It has been a year of catastrophes. A year when nature showed us how powerless we really are. A year when the richest and most powerful nation in the world failed its own people and left a city and a region at the point of death. A year when the partisan slur and the suicide bomb seemed to overmaster reasoned discussion and drive it from the arena.
Death and destruction, it seemed, were everywhere. Hope and light were not to be found.
Yet still we stand-battered, discouraged, too small and weak for the problems we face, we still do what we can because it is what we must do. Simple compassion, born of the love that is central to every spiritual and moral tradition, gives us no choice.
This, then, is a time to celebrate love. Love may not overcome-but if it does not, nothing else can.
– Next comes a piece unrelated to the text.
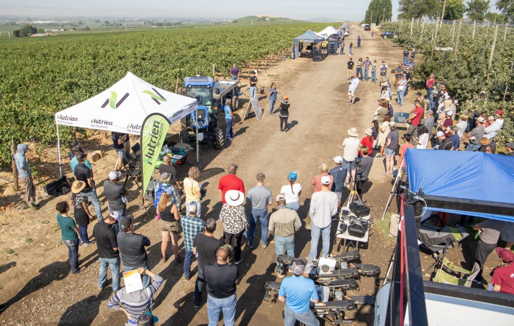 More than 100 people watched driverless tractors and smart sprayers at the 2023 Smart Orchard field day, which this year concentrated on crop load management with precision irrigation, nutrient application and spraying.
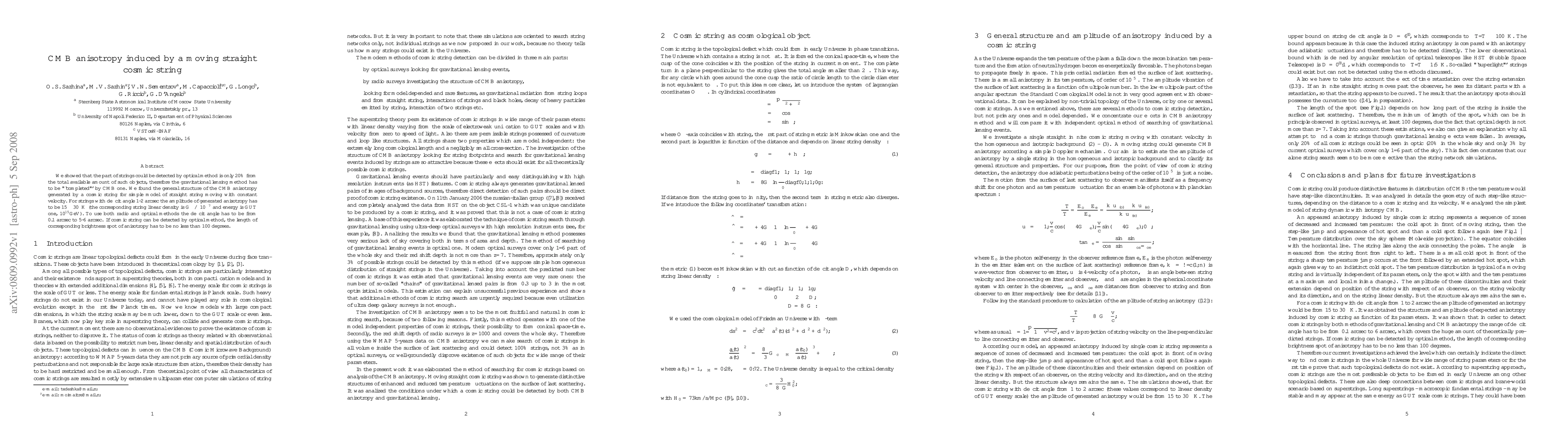 Researchers found that cosmic strings could induce CMB anisotropy with amplitudes as low as 15-30 muK, detectable only with a combination of CMB and optical methods, requiring string linear densities of ~10^-7 and energies of 10^15 GeV.

Violence, hatred, and indifference have brought us to where we are. Only love can bring us out of the darkness and into the light.
We have tried other ways, and they have failed. But, if we are lucky, we may have learned what events have to teach us: We must love one another or die.
W.H. Auden did not like that phrase when he wrote it. He deleted the poem where it appears from his collected works. It must have seemed too optimistic and facile to him in a world that had seen two terrible wars.
Now we know it is not. Love, like hope, does not solve problems. It is an essential starting point. If we abandon it, we will surely fail. But if we hold to it and live by it, we may yet succeed despite the odds.